Exercise directions: Extract the final stretch of the data: the line that contains "方式4:清單指引:鼠標點到清" and every line after it, unaltered, and no other lines.

Recorded information:
========================================

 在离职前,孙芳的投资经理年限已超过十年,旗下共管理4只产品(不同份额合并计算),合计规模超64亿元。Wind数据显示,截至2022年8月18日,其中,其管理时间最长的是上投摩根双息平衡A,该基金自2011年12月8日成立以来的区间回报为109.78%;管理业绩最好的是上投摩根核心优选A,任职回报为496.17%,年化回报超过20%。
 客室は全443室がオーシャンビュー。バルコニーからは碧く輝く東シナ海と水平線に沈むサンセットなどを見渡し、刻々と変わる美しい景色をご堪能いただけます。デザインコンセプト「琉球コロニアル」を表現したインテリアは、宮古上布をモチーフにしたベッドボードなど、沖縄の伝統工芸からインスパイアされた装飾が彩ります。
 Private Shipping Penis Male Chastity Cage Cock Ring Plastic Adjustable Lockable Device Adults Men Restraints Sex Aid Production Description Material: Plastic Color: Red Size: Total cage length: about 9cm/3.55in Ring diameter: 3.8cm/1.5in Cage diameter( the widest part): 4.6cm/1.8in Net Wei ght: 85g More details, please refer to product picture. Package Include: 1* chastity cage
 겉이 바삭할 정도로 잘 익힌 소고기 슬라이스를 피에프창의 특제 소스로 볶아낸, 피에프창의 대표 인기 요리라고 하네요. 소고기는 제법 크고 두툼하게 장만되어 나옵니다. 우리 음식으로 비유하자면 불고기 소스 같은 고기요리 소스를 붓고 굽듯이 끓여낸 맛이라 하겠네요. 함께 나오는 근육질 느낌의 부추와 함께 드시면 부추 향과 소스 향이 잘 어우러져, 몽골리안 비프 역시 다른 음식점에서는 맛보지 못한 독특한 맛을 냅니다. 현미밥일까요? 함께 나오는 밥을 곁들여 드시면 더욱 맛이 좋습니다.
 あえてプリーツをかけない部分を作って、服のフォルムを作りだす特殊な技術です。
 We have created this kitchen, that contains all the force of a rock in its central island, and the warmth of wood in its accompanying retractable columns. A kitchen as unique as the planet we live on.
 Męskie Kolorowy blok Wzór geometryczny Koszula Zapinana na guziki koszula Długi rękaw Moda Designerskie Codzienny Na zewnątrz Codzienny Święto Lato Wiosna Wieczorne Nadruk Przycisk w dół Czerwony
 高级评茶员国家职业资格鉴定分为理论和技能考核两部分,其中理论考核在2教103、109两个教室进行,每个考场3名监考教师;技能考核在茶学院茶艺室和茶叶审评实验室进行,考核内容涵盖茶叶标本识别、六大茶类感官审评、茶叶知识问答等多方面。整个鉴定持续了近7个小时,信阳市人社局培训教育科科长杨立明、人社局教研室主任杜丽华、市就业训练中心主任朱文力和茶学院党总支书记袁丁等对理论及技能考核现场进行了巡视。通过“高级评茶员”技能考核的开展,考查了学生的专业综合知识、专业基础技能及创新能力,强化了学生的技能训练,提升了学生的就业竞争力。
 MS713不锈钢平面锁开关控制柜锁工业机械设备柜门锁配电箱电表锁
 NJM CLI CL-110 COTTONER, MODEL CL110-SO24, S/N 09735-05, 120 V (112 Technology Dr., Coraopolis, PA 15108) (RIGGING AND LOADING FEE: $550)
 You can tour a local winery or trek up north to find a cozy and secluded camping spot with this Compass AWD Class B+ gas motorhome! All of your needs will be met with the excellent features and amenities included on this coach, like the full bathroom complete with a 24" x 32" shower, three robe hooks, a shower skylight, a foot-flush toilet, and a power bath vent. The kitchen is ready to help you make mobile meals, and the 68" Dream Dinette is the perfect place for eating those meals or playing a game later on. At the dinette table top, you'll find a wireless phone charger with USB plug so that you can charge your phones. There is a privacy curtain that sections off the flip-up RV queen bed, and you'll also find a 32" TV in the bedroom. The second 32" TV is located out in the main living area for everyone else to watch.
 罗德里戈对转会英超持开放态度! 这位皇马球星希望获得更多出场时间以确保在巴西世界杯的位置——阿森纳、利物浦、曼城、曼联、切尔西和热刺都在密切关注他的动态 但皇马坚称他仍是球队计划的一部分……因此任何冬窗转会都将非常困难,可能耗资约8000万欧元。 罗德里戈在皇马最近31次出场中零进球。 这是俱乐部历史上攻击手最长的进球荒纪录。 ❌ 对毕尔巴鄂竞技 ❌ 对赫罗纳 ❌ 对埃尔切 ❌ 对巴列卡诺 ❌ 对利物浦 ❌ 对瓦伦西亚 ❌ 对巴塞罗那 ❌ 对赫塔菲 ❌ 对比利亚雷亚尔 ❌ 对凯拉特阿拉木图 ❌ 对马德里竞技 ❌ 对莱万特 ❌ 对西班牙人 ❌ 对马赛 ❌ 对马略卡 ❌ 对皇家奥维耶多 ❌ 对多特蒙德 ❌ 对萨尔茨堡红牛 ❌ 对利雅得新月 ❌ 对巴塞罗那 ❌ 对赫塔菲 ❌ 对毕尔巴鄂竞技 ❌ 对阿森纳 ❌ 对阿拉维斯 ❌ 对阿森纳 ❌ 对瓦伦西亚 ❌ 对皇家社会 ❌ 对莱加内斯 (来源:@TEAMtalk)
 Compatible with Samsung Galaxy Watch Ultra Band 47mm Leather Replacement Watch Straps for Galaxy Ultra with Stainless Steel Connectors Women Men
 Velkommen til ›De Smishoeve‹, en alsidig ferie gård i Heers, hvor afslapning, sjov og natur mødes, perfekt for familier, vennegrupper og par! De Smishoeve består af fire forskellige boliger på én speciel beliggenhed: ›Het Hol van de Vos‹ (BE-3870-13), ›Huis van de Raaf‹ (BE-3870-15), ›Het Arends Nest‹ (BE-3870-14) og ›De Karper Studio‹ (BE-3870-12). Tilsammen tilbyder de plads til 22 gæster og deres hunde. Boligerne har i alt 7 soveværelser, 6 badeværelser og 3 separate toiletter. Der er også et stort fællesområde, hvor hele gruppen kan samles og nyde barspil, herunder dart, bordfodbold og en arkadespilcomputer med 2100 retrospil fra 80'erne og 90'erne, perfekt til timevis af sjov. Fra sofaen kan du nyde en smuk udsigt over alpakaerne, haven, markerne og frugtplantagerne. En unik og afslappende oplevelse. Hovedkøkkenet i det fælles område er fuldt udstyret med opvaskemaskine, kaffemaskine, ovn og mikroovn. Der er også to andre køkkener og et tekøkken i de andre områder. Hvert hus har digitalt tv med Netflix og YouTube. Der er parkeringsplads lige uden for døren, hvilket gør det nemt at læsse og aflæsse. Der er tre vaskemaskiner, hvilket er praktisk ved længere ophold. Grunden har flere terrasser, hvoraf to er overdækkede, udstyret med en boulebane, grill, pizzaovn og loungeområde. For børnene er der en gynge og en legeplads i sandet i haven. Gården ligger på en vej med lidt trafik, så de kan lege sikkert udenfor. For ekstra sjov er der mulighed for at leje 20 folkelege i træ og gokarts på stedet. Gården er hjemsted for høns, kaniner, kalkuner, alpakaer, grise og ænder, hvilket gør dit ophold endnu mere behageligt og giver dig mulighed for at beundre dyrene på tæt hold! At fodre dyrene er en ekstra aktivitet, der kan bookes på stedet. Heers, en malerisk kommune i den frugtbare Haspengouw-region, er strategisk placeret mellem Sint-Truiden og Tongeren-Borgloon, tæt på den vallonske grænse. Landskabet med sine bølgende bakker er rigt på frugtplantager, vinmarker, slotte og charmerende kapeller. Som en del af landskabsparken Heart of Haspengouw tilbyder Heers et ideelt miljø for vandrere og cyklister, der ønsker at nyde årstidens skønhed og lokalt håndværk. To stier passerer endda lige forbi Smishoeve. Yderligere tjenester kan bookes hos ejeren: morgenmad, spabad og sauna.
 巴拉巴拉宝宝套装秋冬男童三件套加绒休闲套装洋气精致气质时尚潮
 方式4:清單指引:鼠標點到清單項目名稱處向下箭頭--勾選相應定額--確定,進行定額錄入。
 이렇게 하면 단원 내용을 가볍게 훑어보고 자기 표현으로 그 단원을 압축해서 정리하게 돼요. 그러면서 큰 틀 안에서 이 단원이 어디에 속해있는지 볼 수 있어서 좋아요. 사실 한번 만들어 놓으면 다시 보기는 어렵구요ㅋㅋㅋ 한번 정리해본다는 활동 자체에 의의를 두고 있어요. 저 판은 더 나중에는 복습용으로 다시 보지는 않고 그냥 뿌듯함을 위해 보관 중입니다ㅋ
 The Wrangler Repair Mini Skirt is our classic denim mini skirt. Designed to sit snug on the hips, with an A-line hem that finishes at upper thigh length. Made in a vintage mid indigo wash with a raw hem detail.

========================================

Task output:
 方式4:清單指引:鼠標點到清單項目名稱處向下箭頭--勾選相應定額--確定,進行定額錄入。
 이렇게 하면 단원 내용을 가볍게 훑어보고 자기 표현으로 그 단원을 압축해서 정리하게 돼요. 그러면서 큰 틀 안에서 이 단원이 어디에 속해있는지 볼 수 있어서 좋아요. 사실 한번 만들어 놓으면 다시 보기는 어렵구요ㅋㅋㅋ 한번 정리해본다는 활동 자체에 의의를 두고 있어요. 저 판은 더 나중에는 복습용으로 다시 보지는 않고 그냥 뿌듯함을 위해 보관 중입니다ㅋ
 The Wrangler Repair Mini Skirt is our classic denim mini skirt. Designed to sit snug on the hips, with an A-line hem that finishes at upper thigh length. Made in a vintage mid indigo wash with a raw hem detail.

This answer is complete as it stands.